LLM-Backed Interpretation
CaptureMemory uses a separate ingest-side interpreter configuration. Enable it when you want capture-time summaries, mentions, relation candidates, entity resolution, and proposed linked facts.
backend: postgres
postgres_dsn: "postgres://membrane:membrane@localhost:5432/membrane?sslmode=disable"
ingest_llm_enabled: true
ingest_llm_endpoint: "https://api.openai.com/v1/chat/completions"

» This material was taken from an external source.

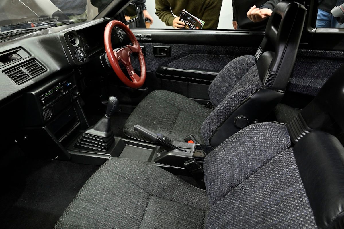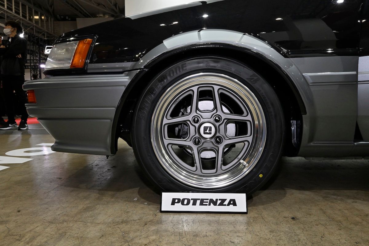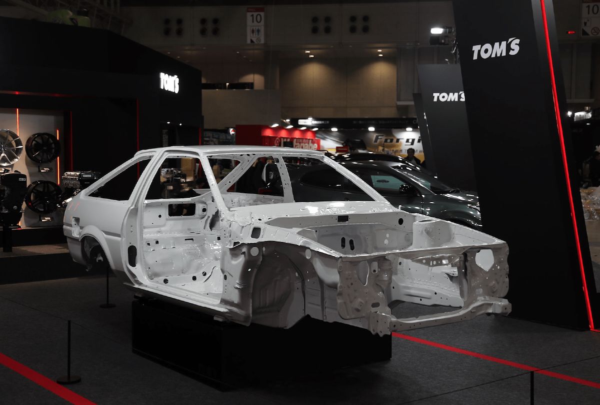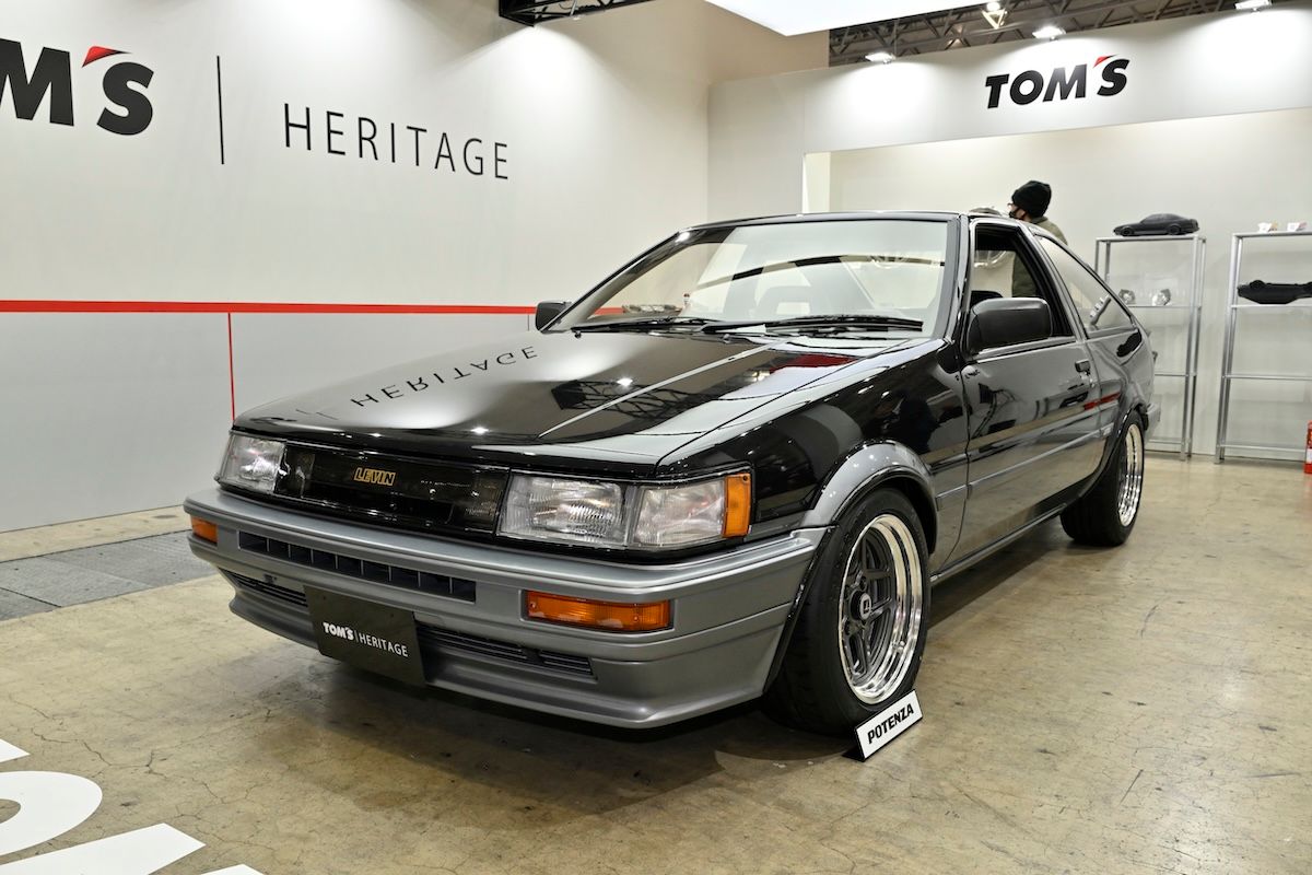 展示車両は、新車と見紛うばかりに仕上げられたAE86型カローラ・レビン。レストア車としての完成度もみごとだが、シャシーはスポット増しなどの補強も実施し、レースカーのノウハウを注入したアンダーパネルなどを装備した。

ingest_llm_model: "gpt-5-mini"
# ingest_llm_api_key: "" # or set MEMBRANE_INGEST_LLM_API_KEY
The background consolidation scheduler uses llm_* settings separately. Configure those when you want asynchronous episodic-to-semantic extraction:
llm_endpoint: "https://api.openai.com/v1/chat/completions"
llm_model: "gpt-5-mini"
# llm_api_key: "" # or set MEMBRANE_LLM_API_KEY
The consolidation scheduler promotes eligible episodic traces into semantic facts, competence records, and plan graphs over time.
Embedding-Backed Retrieval
With Postgres + pgvector and an embedding endpoint configured, graph roots are ranked with hybrid vector and salience scoring.
backend: postgres
postgres_dsn: "postgres://membrane:membrane@localhost:5432/membrane?sslmode=disable"
embedding_endpoint: "https://api.openai.com/v1/embeddings"
embedding_model: "text-embedding-3-small"
embedding_dimensions: 1536
# embedding_api_key: "" # or set MEMBRANE_EMBEDDING_API_KEY
Specific task descriptors improve retrieval. Prefer "debug auth retry failures in project-auth" over "help".